What are you Gonna Do?

I have been in hiding for some time now.  It hasn't been intentional, my family is just going through some health issues right now, a bout of Whooping Cough that still hasn't resolved, a head cold, alergies and this week I have the worst sinus infection I've suffered to date, complete with throbbing toothache sensation.  I have not been in control of my diet, as most days the pain is so elevated that I have no appetite, and when I do finally have to eat, I eat what I want.  Calorie-wise I am probably lower than most days when I eat healthy 6 times a day.  I found apple cider vinegar mixed with water and raw honey truly does help relieve sinus pressure enough for an OTC drug to do it's job.  I am seeing intermittent rays of light in this infection.
At any rate, I have been doing a lot of personal reflection the past two weeks, and some of it has been really helpful.  Like the Peter Gabriel song, I'm digging in the dirt to find the places I got hurt.  I keep thinking about running, and how it seems to have always been something I associated with being fit.  Part of me is pouting about not running or the idea of not running anymore, and that childish part of me is saying, if I can't run, I will just quit everything altogether.  I roll my eyes even as I type that!  I need to get past the whole thing.  So I have been reading through some of my old journals, and today I came across the one where I wrote my experiences about the man I would come to marry.  It is quite powerful to relive those times, and it lifted my spirits, even though they were not particularily low.  I don't believe in accidents, and I know that there was a reason I 'randomly' chose that particular journal out the dozen or so that I have.  I have been neglecting my marriage.  And after so many years of dreaming of being with someone who loved me so unconditionally, I have that, and have had that for ten years now.  I guess I was so busy feeling ignored that I didn't realize that I have been taking him for granted.  That was a bit of a wake-up call.  Having healthy relationships is so important for self esteem and mood.  My husband and I have been doing just fine, but it could be even better.  I am going to put more energy into letting him know how important he is to me. 

Today I took a glance through an old inspiration book I made several years back.  Some of the photos and words I wrote still inpsire me, and some are hopelessly outdated.  Since the journal is black paper my kids took interest in it, treating it like they'd discovered treasure when they found it a few weeks ago.  I told them they were allowed to write on any of the pages that didn't have a photo or writing on them, and I forgot about that as I leafed through them today.  After all my "grown-up", serious things I'd written, I came to a page where my son wrote: Wat are you cona (gonna) do?  How simple a statement to sum up how I've been feeling lately.  What am I gonna do?  Let myself go back up to where I came from, gasping for air from doing something as simple as walking to the mailbox?  Shop in the size 3X again?  Let life have it's way with me and run me over as I sit idly by?  Or maybe, wait for a heart attack so I can finally see what it is I'm doing to myself and my family. Honestly, I don't have all the answers, but I know I don't want to go back to where I started from.  I don't know if I have the strength to lose it all over again.  It is hard enough to keep the focus to try and lose half of that amount, much less think of gaining it all back and trying to start over.  I don't want to back-pedal anymore. 

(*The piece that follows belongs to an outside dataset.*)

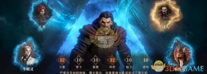 初始属性:力量12、智力10、敏捷10、体质12、魅力10、感知10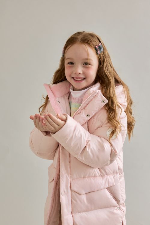스타일에 있어서도 아이의 개성과 활동성에 따라 3가지 라인업으로 구성되어 있다. 화보 속 여아가 착용한 아우터는 탈 부착이 가능한 퍼 트리밍 후드 점퍼로 은은한 광택감의 트렌디한 감성으로 포근하고 세련된 스타일링을 완성할 수 있다.

The new issue of Oxygen magazine is out, and I spent a long time pouring over it as usual, but it was especially touching this time because the publisher Robert "Tough Love" Kennedy recently passed away, and this issue not only had a lot of tribute material, but also a message from Tough Love Bob himself.  Part of his message (in reference to success) is to not only have a goal, but to have a compelling reason why you want to acheive it.  That woke me up a little. Lightbulb moment,  I didn't lose my way, I lost my WHY.  It's something I have been putting a lot of thought into, it's definitely the cause of my quasi-effort, and at the moment, it's my biggest thorn in my side.  So that is where I am mentally, and I need to spend some more time in my mind, digging a little deeper to come up with my WHY.  Just not wanting to be fat isn't a compelling reason.  Not wanting to die early isn't compelling enough.  I don't know what it is, but I will find it.  Monday I plan on getting back to my "normal" eating, I just have to figure out what to eat.  Might try a new recipe this weekend, or scout out some veggie burger recipes to try.  I have to find something I can eat that won't repulse me.  I know I can get things back on track, I've spent so much time reading fitness magazines lately, that my mind is sharpening.  And maybe, just maybe I don't have to rule out running if I put the time, effort and expense into having my knees checked out and having my form assessed and getting the proper equipment for how/where I run.  Is it worth all that, and the risk of arthritis?  These are some of the questions I need to answer for myself.  I do know that sitting around waiting to feel better isn't helping me recover from my illness, and it isn't helping to set a good example for my kids.  There's a lot more work to do, but as my main mantra and my back-up mantra affirm, I've got more in me, and I'm not done yet!  This isn't a do-over, I am just moving on from a time of rest and reflection.  I begin next week with hope for longevity and logic.
To my loyal blog readers, thanks for coming around, you really do make a difference to me!